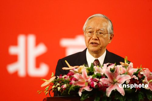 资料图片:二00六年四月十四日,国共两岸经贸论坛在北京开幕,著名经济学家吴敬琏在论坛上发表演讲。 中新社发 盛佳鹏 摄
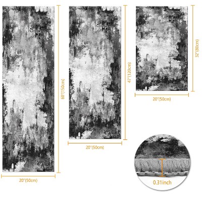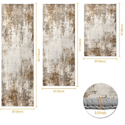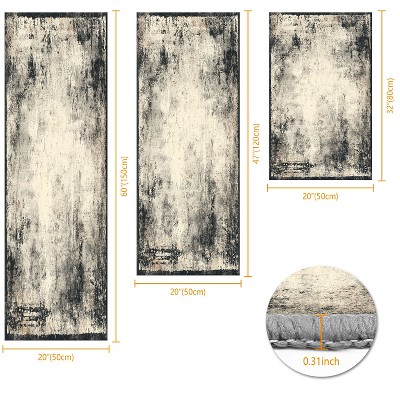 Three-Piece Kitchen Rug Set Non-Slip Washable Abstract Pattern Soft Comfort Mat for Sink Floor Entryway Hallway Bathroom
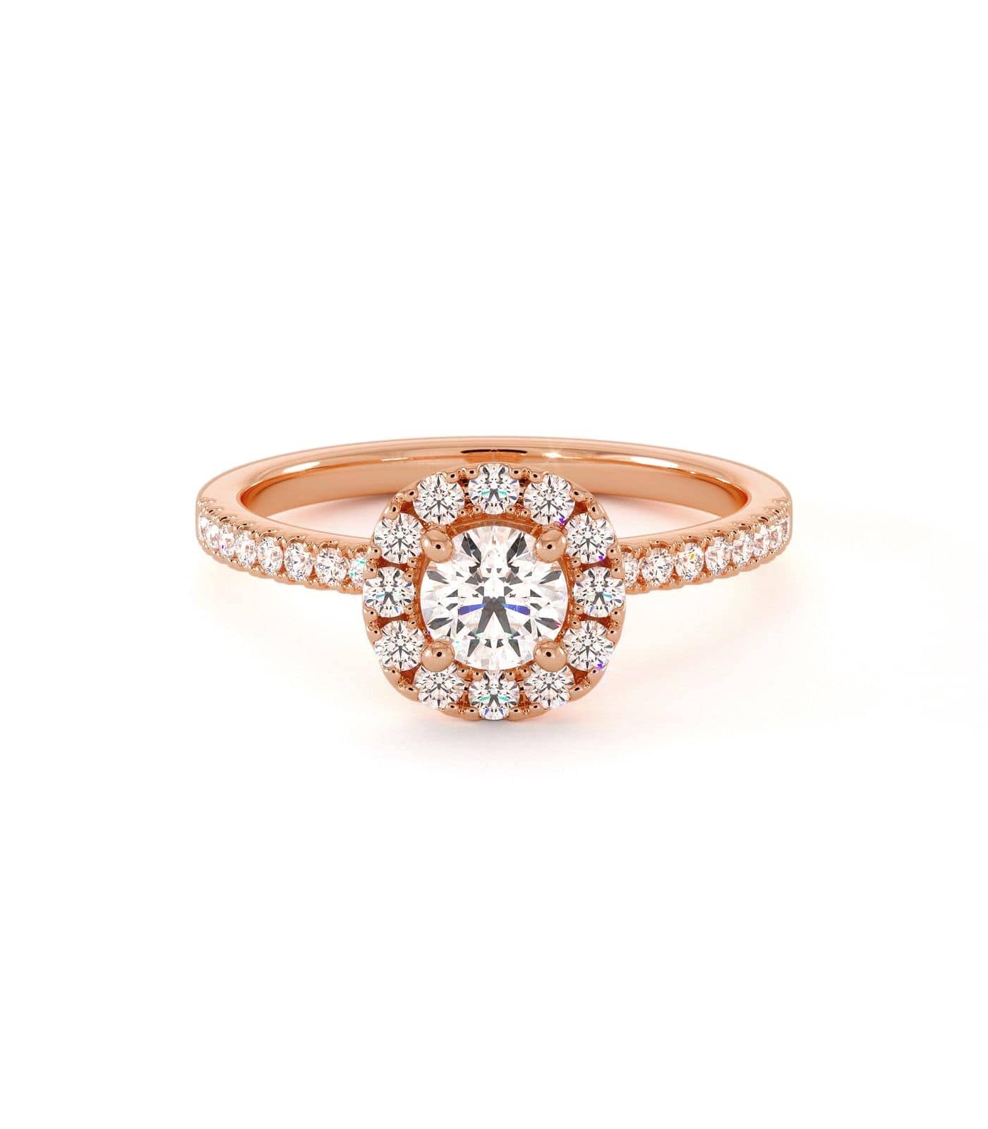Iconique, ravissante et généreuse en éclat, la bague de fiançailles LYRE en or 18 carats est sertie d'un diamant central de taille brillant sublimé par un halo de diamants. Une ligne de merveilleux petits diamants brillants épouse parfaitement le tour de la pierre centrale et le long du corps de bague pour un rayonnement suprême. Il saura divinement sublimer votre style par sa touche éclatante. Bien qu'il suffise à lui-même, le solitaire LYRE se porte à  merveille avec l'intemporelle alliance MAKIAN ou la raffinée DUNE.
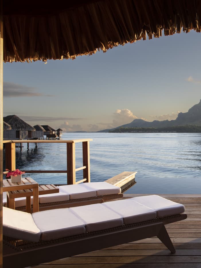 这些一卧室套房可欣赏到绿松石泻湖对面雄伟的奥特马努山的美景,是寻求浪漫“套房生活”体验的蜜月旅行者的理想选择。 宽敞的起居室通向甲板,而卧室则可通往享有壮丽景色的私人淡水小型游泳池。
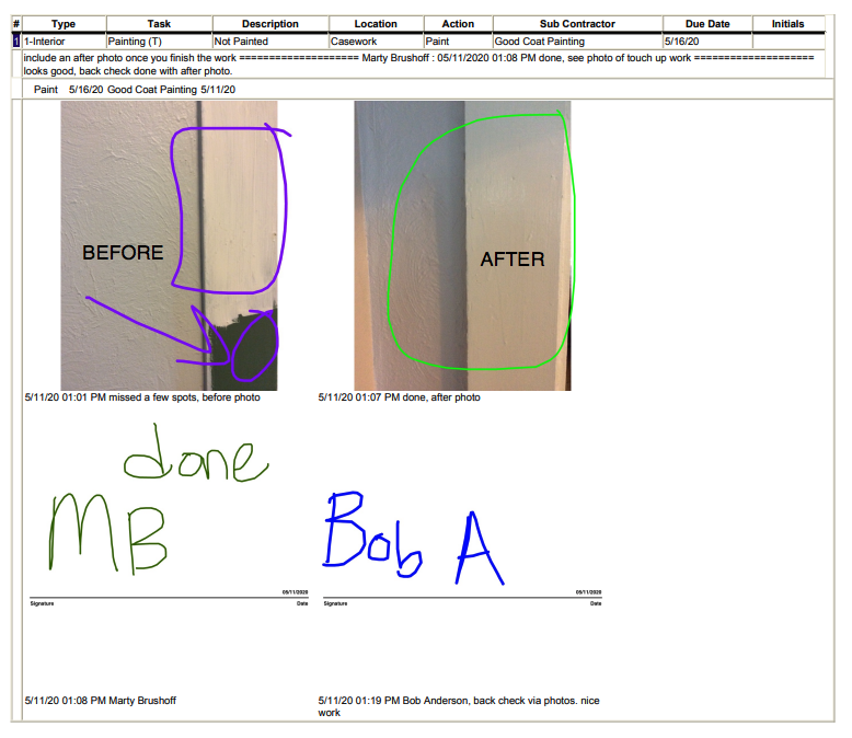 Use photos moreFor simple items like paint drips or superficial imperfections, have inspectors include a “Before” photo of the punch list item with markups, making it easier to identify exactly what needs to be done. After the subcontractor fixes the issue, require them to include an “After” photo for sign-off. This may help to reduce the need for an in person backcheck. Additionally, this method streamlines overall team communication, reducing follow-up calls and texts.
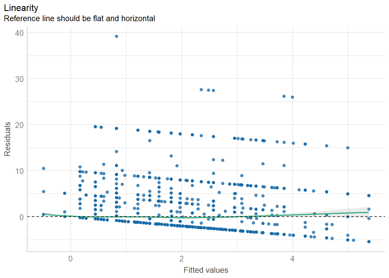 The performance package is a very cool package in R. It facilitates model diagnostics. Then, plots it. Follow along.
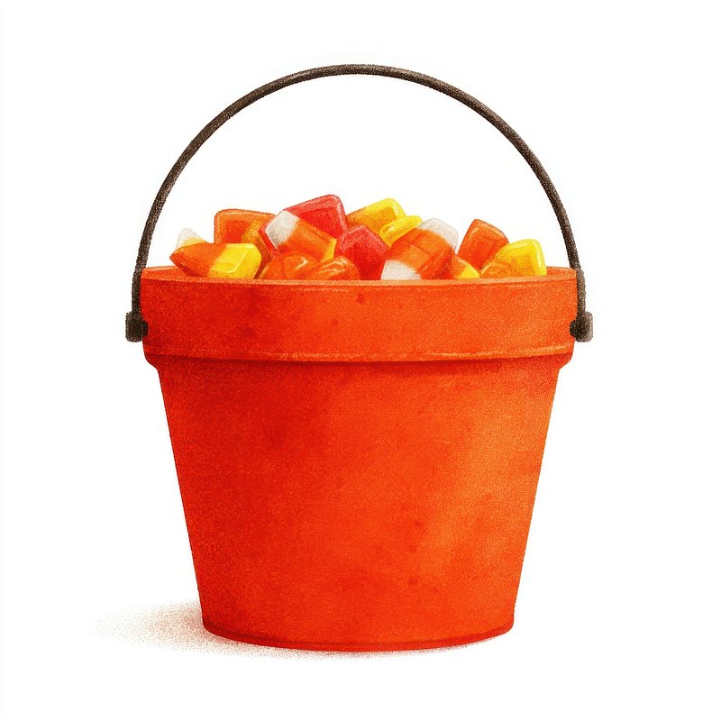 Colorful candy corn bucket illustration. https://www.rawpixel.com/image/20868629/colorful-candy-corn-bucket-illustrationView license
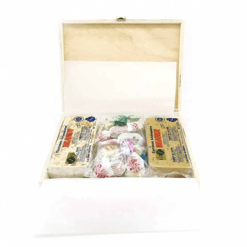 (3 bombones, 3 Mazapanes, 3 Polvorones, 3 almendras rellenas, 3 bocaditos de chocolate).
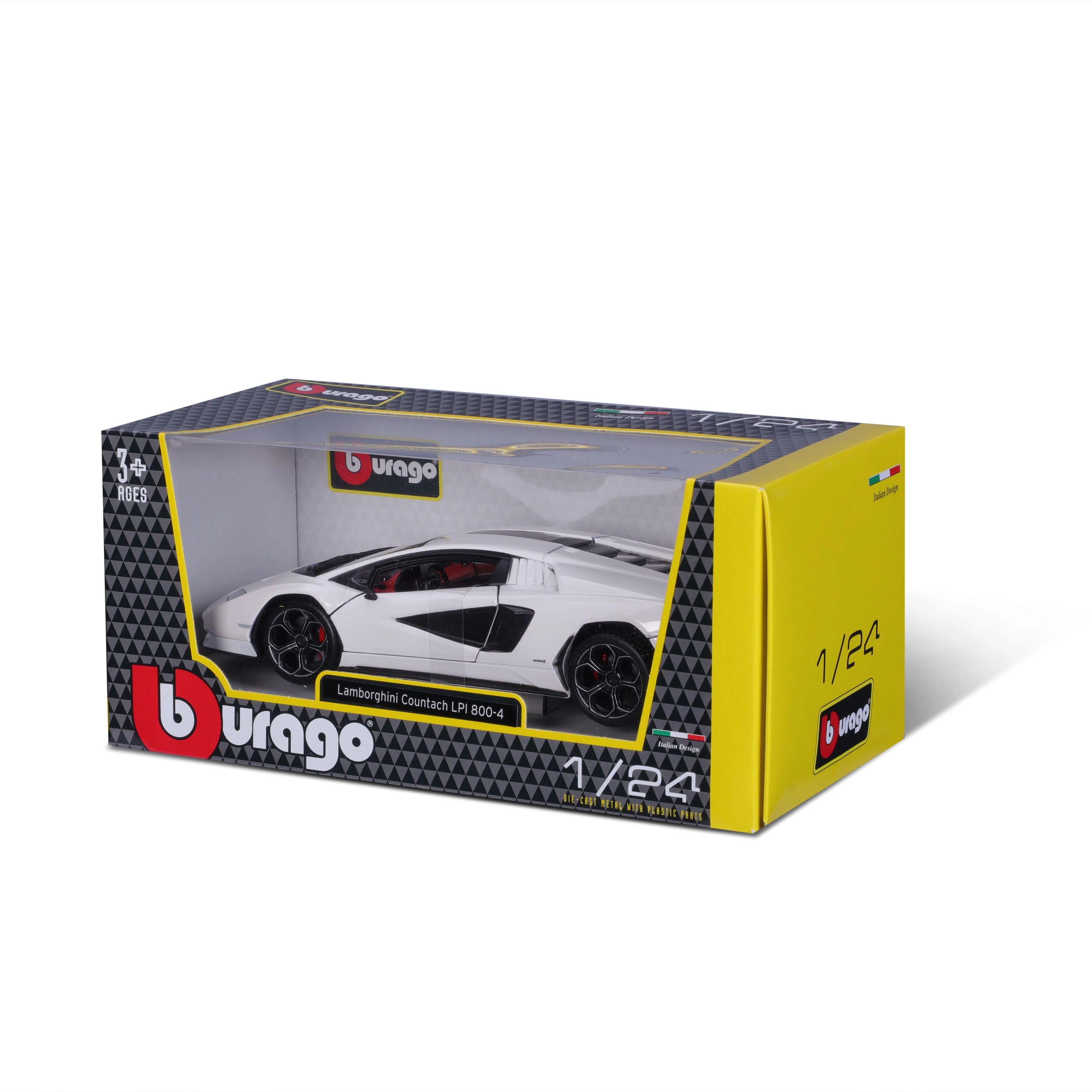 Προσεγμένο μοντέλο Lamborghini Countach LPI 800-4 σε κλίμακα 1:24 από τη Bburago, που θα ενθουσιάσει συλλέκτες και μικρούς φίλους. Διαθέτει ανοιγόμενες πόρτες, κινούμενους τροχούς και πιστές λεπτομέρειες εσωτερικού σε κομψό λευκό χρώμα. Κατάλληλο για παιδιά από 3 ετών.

━━━━━━━━

**DIRECTIONS FOR THIS TASK**
Return the records above exactly, without the pictures.

**TASK SOLUTION**
 资料图片:二00六年四月十四日,国共两岸经贸论坛在北京开幕,著名经济学家吴敬琏在论坛上发表演讲。 中新社发 盛佳鹏 摄
 Three-Piece Kitchen Rug Set Non-Slip Washable Abstract Pattern Soft Comfort Mat for Sink Floor Entryway Hallway Bathroom
Iconique, ravissante et généreuse en éclat, la bague de fiançailles LYRE en or 18 carats est sertie d'un diamant central de taille brillant sublimé par un halo de diamants. Une ligne de merveilleux petits diamants brillants épouse parfaitement le tour de la pierre centrale et le long du corps de bague pour un rayonnement suprême. Il saura divinement sublimer votre style par sa touche éclatante. Bien qu'il suffise à lui-même, le solitaire LYRE se porte à  merveille avec l'intemporelle alliance MAKIAN ou la raffinée DUNE.
 这些一卧室套房可欣赏到绿松石泻湖对面雄伟的奥特马努山的美景,是寻求浪漫“套房生活”体验的蜜月旅行者的理想选择。 宽敞的起居室通向甲板,而卧室则可通往享有壮丽景色的私人淡水小型游泳池。
 Use photos moreFor simple items like paint drips or superficial imperfections, have inspectors include a “Before” photo of the punch list item with markups, making it easier to identify exactly what needs to be done. After the subcontractor fixes the issue, require them to include an “After” photo for sign-off. This may help to reduce the need for an in person backcheck. Additionally, this method streamlines overall team communication, reducing follow-up calls and texts.
 The performance package is a very cool package in R. It facilitates model diagnostics. Then, plots it. Follow along.
 Colorful candy corn bucket illustration. https://www.rawpixel.com/image/20868629/colorful-candy-corn-bucket-illustrationView license
 (3 bombones, 3 Mazapanes, 3 Polvorones, 3 almendras rellenas, 3 bocaditos de chocolate).
 Προσεγμένο μοντέλο Lamborghini Countach LPI 800-4 σε κλίμακα 1:24 από τη Bburago, που θα ενθουσιάσει συλλέκτες και μικρούς φίλους. Διαθέτει ανοιγόμενες πόρτες, κινούμενους τροχούς και πιστές λεπτομέρειες εσωτερικού σε κομψό λευκό χρώμα. Κατάλληλο για παιδιά από 3 ετών.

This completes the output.